What makes a cancer diagnosis

While cancer cells are identified under microscopes by changes in their appearance, looks alone do not make a cancer diagnosis. Until abnormal cells acquire the ability to grow unchecked, and to travel to other parts of the body (to metastasize), they are precancerous.  In many cases, pre-cancerous cells never make the transition to cancer, but we are unable to predict with 100% accuracy which ones will and which ones won’t.  A large number of breast abnormalities detected on mammograms will not go on to run wild, but few women will comfortably forgo treatment without 100% accurate prediction of the growth potential of their abnormal cells.
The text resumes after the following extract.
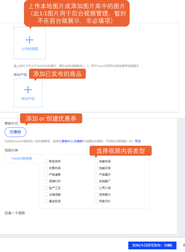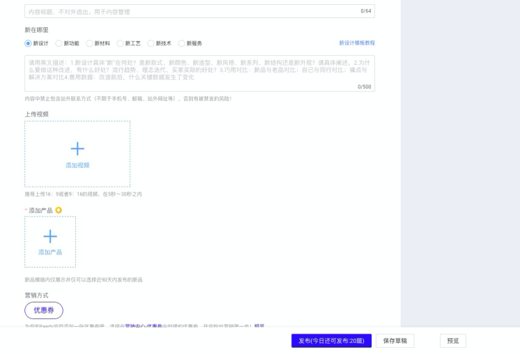 添加視頻完畢后繼續(xù)進(jìn)行產(chǎn)品、優(yōu)惠券的添加:
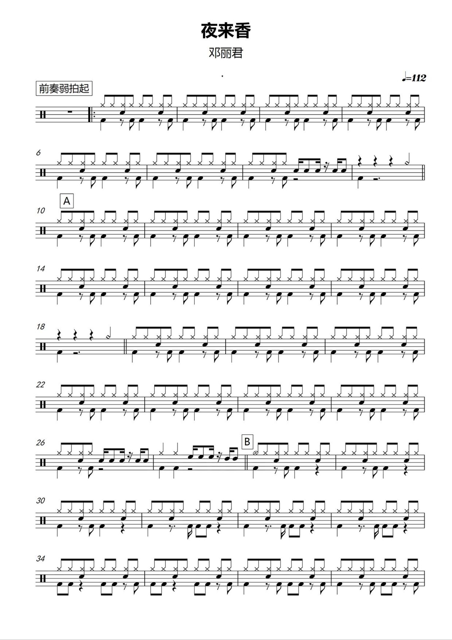 • 夜来香鼓谱 - 邓丽君 - 架子鼓谱第1张

Difficulties in prediction

In addition to the breast, the prostate gland in men and the colon in both sexes are the sites of cell growth abnormalities that can, but do not always, result in cancer. Prostates enlarge with age and develop nodules of cell growth called adenomas. Colons develop polyps – enlargements of the lining protruding into the colon on flat or narrow stalks, with or without adenomas on their surfaces. Intuitively, it seems as if detecting these abnormalities and removing them before they have a chance to become cancerous is a good idea. This thinking drives the screening studies aimed at early treatment of cancer. But many of these common cancers are very slow and indolent in their growth and epidemiologic studies do not bear out the intuitive bias.  Unless a patient is young at the onset of a slow growing cancer, treatment does not necessarily lengthen life. Routine prostate cancer screening has fallen out of fashion because, while removing a cancerous prostate may prevent death from prostate cancer, treated patients do not outlive untreated ones.  Decisions about treatment have to be weighed carefully, with attention paid to age and the potential for harm and diminished quality of life that can go along with cancer treatment.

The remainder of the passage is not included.